━━━━━ Entries supplied

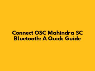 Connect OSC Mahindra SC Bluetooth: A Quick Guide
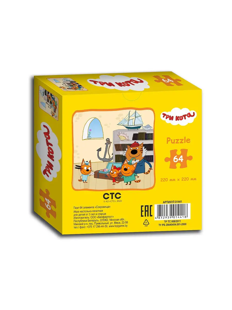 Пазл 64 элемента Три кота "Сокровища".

━━━━━━━━━━
━━━━━ Entries supplied

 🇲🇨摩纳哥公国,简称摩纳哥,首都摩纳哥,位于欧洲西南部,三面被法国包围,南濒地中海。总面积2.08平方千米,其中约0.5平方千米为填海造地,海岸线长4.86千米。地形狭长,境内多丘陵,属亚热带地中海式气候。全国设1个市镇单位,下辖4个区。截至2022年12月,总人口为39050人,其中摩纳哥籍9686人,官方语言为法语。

━━━━━━━━━━
━━━━━ Entries supplied

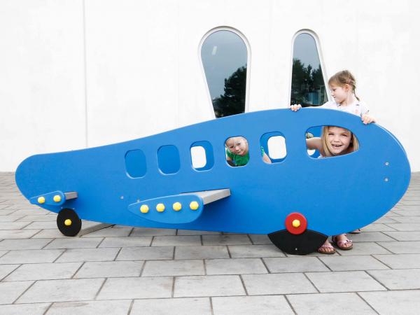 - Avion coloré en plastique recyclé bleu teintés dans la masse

━━━━━━━━━━

* Exercise goal
Go to the line above that contains "Connect OSC Mahindra" and reproduce everything exactly from there through the line that contains "Пазл 64 элемента", leaving out the pictures.

* Answer area
 Connect OSC Mahindra SC Bluetooth: A Quick Guide
 Пазл 64 элемента Три кота "Сокровища".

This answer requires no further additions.